Choice is heat stroke or air conditioning
If you asked my dad the top three causes of illness worldwide, here’s what he’d say:
No. 3: Walking around inside the house barefoot.
No. 2: Leaving the house with wet hair.
No. 1: Air conditioning.
I understand not being accustomed to air conditioning. He didn’t grow up with it.In Greece, most homes and some cars don’t have it, even now.
There’s always a hair-raising minute at a Greek hotel just after you first turn on the air conditioning, during which you’re waiting to see what your next few days will be like.
So, no, I’m not particularly shocked that my dad doesn’t want the air conditioning running at full blast all year, even though he lives in the swamps of Florida, where alligators float in his backyard retention pond and the mercury regularly hits 90 degrees.
But it’s not just a personal preference, one that applies to him and him alone. I took my kids to visit him — remember, we’re soft Midwesterners for whom the entirety of May might pass without the arrival of one short-sleeve day — and they were unprepared for his anti-cold air stance.
“It gives me a headache,” he’d say of the air conditioning whenever I tried to move the thermostat from where it was locked at 85 degrees. “It gets onto my neck.”
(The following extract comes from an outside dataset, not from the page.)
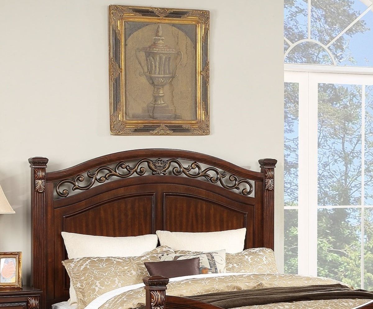 Traditional Style Queen Size Bed 1pc Two Panel Bed Bun Feet dark Cherry Finish Bedroom Furniture

I’m not sure how temperate air on a person’s neck gives them a headache, but I dealt with the sultry conditions as best I could.
During the night, when I ran the overhead fans at full blast to get some of the thick air moving through the bedroom where the boys slept, my dad would sneak in after everyone else fell asleep and turn the fans off.
“Why do you keep doing that?” I asked. “They’re waking up soaking wet.”
“You’re going to make them sick. You remember that one time he got pneumonia?” he asked, pointing to my younger son. “It’s because you let them walk around the house with no shoes on.”
It’s pointless to explain to my dad that viruses and bacteria cause pneumonia, not toes touching hardwood floors, just like it’s pointless to tell him that having wet hair outside in the summer can’t give you the flu or that there’s no anarchist conspiracy to burn down all the forests in Greece. He doesn’t want to hear it.
“Why is it so hot in here?” my son asked me at one point during our visit, confusion and flop sweat heavy in his eyes.
I braved my dad’s anger and, full of the thrill of disobedience, snuck over to the thermostat. I moved it down to 78, which seemed scandalously low, and the box began to emit an unearthly moan, like a chthonic monster awoken from its centuries-long slumber.
A few minutes later, after the air handlers had started spitting out stale, vaguely cool air that had been living in the vents for decades, my dad walked out of his bedroom wearing a long-sleeved rugby shirt and a striped scarf, looking for all the world like the oldest fan at a Harry Potter convention.
“Fine, I’ll turn it off,” I said, going back to the thermostat as my kids silently pleaded with me to stay where I was.
“No, keep it,” my dad said, teeth chattering. “I’m fine. I’ll just take some aspirin for the migraine.”
His tone of voice told me that, no, he was not fine at all and would soon be unable to talk as he’d have frozen rock solid.